Q23. What is A/B Testing and how do you design one?
A/B Testing is a controlled experiment comparing two variants (A = control, B = treatment) to measure the impact of a change on a key metric.
Steps to design a proper A/B test:
- 1. Define Hypothesis: "Changing the CTA button color from blue to green will increase click-through rate."
- 2. Choose Metric: Primary metric (CTR), guardrail metrics (revenue, bounce rate).
- 3. Calculate Sample Size: Based on MDE (Minimum Detectable Effect), significance level (alpha=0.05), and power (0.8). Use power analysis.
- 4. Randomize: Randomly assign users to control/treatment groups. Ensure no selection bias.
- 5. Run Experiment: Let it run for sufficient duration (at least 1-2 full business cycles).
- 6. Analyze: Use t-test (continuous metric) or chi-squared test (proportions) to determine statistical significance.
- 7. Decide: If p-value < 0.05 and the effect is practically meaningful, ship the change.
Q24. What are common pitfalls in A/B Testing?
- Peeking: Checking results before the experiment reaches required sample size — inflates false positive rate. Use sequential testing methods if you must check early.
- Simpson's Paradox: A trend that appears in aggregated data reverses when data is segmented by a confounding variable. Always segment by key dimensions.
- Novelty Effect: Users interact more with something new simply because it is new — not because it is better. Run tests longer to let the effect stabilize.

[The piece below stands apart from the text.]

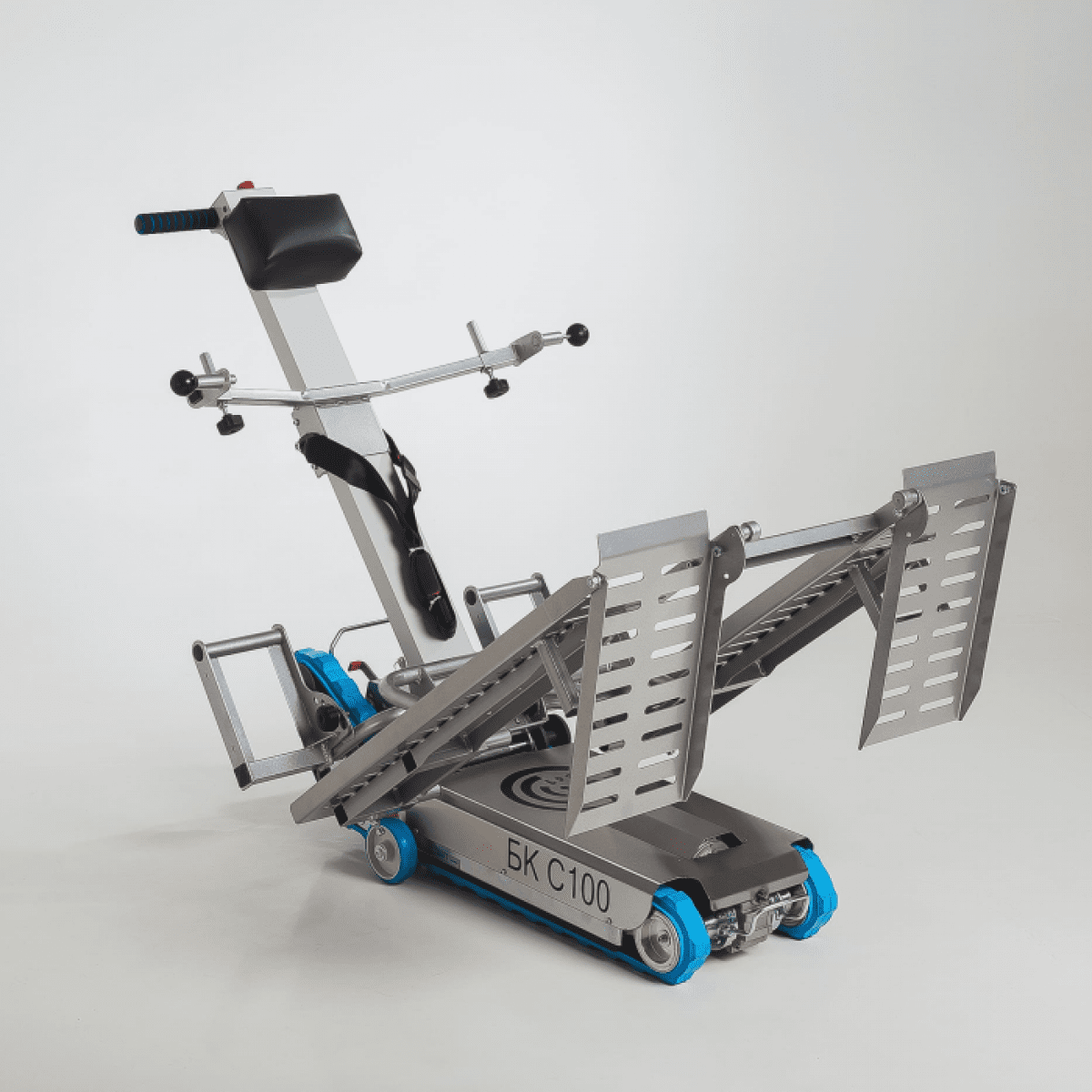 БК С100 прост в использовании и не требует сложной подготовки. Подъёмник быстро собирается, легко фиксируется к коляске и управляется с помощью интуитивно понятных кнопок движения вперёд и назад. Продуманная система фиксации и безопасности позволяет уверенно проходить лестничные пролёты. Зарядка аккумулятора выполняется быстро и удобно — достаточно подключить адаптер к основанию подъёмника.
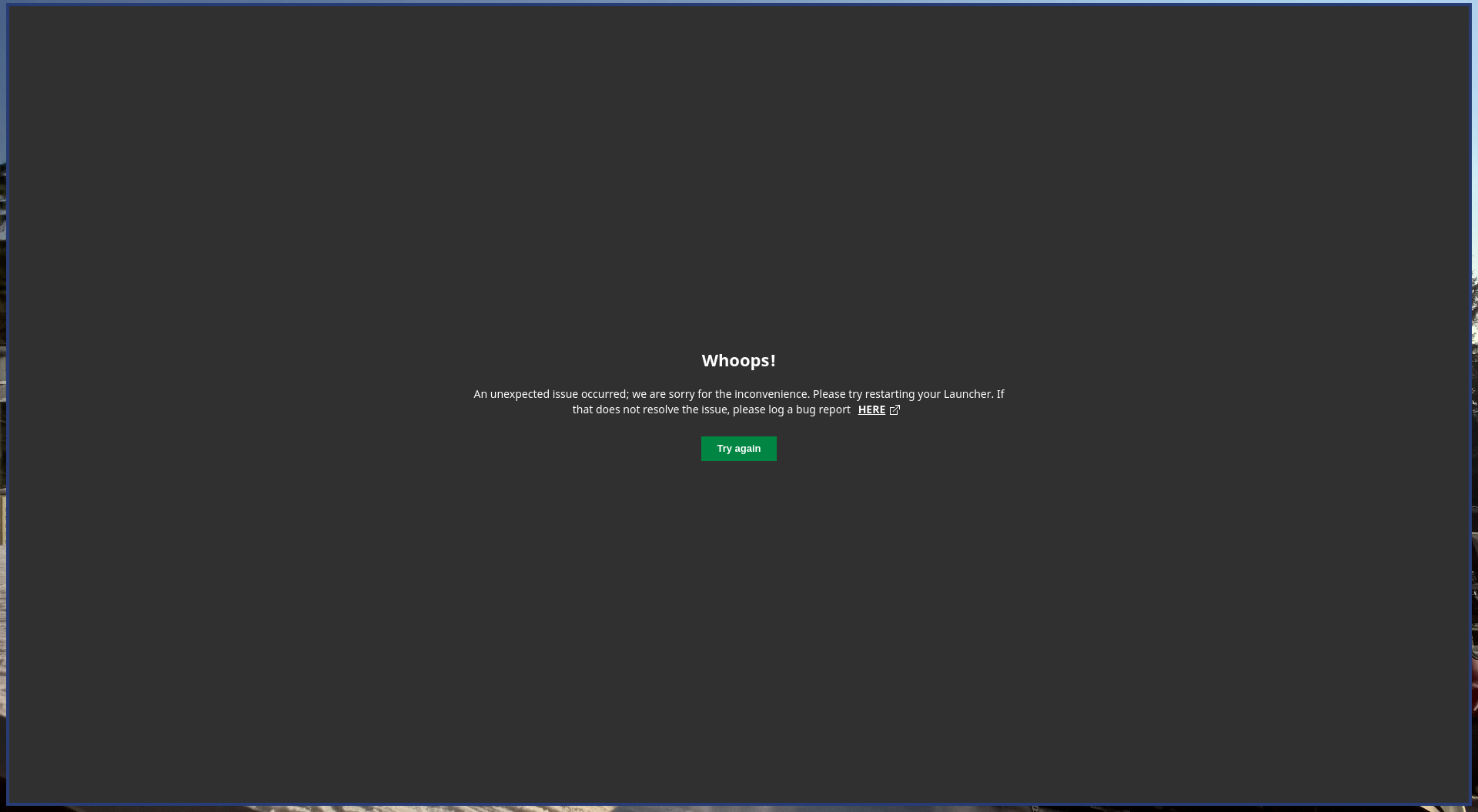 Upon loading up minecraft, I will get a 'Whoops' (see attatchments) with no other information there.

- Network Effects: In social products, treating users independently can be wrong — users in control and treatment groups may influence each other.
- Multiple Testing: Testing many variants or metrics simultaneously without correction leads to false discoveries. Apply Bonferroni or Holm-Bonferroni correction.
- Insufficient Power: Running tests with too few users to detect small but meaningful effects. Always do a power analysis upfront.
Q25. What is Feature Engineering and why is it important?
Feature engineering is the process of creating new input variables from raw data to improve model performance. It is often the single most impactful step in a Data Science project — the saying "garbage in, garbage out" applies directly.
Common techniques:
- Date Features: Extract day of week, month, hour, is_weekend from timestamps.
- Aggregations: Calculate rolling averages, cumulative sums, group-level statistics.
- Encoding: One-hot encoding for low-cardinality categoricals; target encoding or embedding for high-cardinality.
- Interaction Features: Multiply or combine related features (price × quantity = revenue).
- Binning: Convert continuous variables into ranges (age groups, income brackets).
- Text Features: TF-IDF, word count, sentiment scores from text columns.
- Log Transform: Reduce skewness in highly skewed distributions.
In 2026, automated feature engineering tools (Featuretools, tsfresh) help accelerate this process, but domain expertise remains irreplaceable.